Белинский сердился, что у Панаева бывает так много гостей.

— Придешь поговорить о деле, а у вас непротолченая труба народу!

Для меня, как хозяйки дома, было много хлопот. Я должна была принимать гостей, выслушивать всевозможные сплетни, заботиться об обедах, об ужинах и при этом по возможности экономить.

Не помню, в каком месяце, феврале или марте,[128] приехал в Петербург Герцен и остановился у нас. Я удивлялась, как Герцен мог обходиться без сна, потому что выпадали дни, когда он положительно не ложился в постель.

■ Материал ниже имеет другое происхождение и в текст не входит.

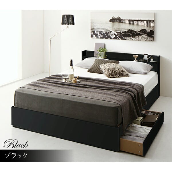 清潔に眠れる棚・コンセント付きすのこ収納ベッド ベッドフレームのみ ダブル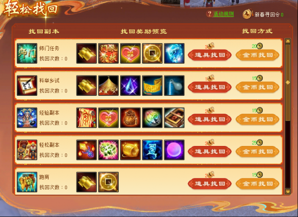 4.师门任务、科举乡试单次点击按钮找回是找回一轮奖励(即10次),且需前一日,一轮都没有做过才可以找回。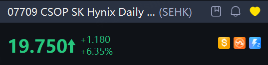 CSOP SK Hynix Daily (2x) Leveraged Product jumped more than 6% in Hong Kong, following SK Hynix hitting a record high in South Korea. On the news front, Samsung and SK Hynix plan to raise DRAM prices by 60%–70%.

Бывало, гости засидятся до двух, трех часов ночи, а он вдруг вздумает идти освежиться на воздух, возвращается часов в восемь утра и начинает стучаться ко мне в дверь, стыдя, что я так долго сплю, что уже пора пить чай. Когда я выходила, он пресерьезно говорил:

— Знаете ли, самая здоровая вещь — вставать рано утром; посмотрите, какой у меня свежий цвет лица, а все оттого, что я рано встаю.

Когда между Белинским и Герценом завязывался спор, то все присутствующие внимательно их слушали. Герцен, по живости своей натуры, не мог долго усидеть на одном месте и разговаривал всегда стоя. Если Белинский сильно горячился и закашливался, Герцен говорил какую-нибудь остроту, которая смешила Белинского и других, и спор делался хладнокровнее. Как-то раз, по уходе Белинского, Герцен заметил:

— Господа, а ведь у Белинского кашель-то скверный.

— Да, — отвечал Некрасов, — его кашель пугает нас; необходимо отправить его за границу лечиться.

— Как же вы обойдетесь без него? — спросил Герцен.

— Что делать, как-нибудь обойдемся, нельзя же запускать такой кашель. Ему вредно всякое волнение, а он из всякого пустяка в «Современнике» кипятится.

— Но ведь на отправку его понадобится порядочная сумма денег? — заметил Герцен.

— В этом году трудно будет его отправить, — сказал Панаев, — но на будущий год, вероятно, подписка на журнал увеличится, тогда и явится возможность отправить его лечиться. Только поедет ли?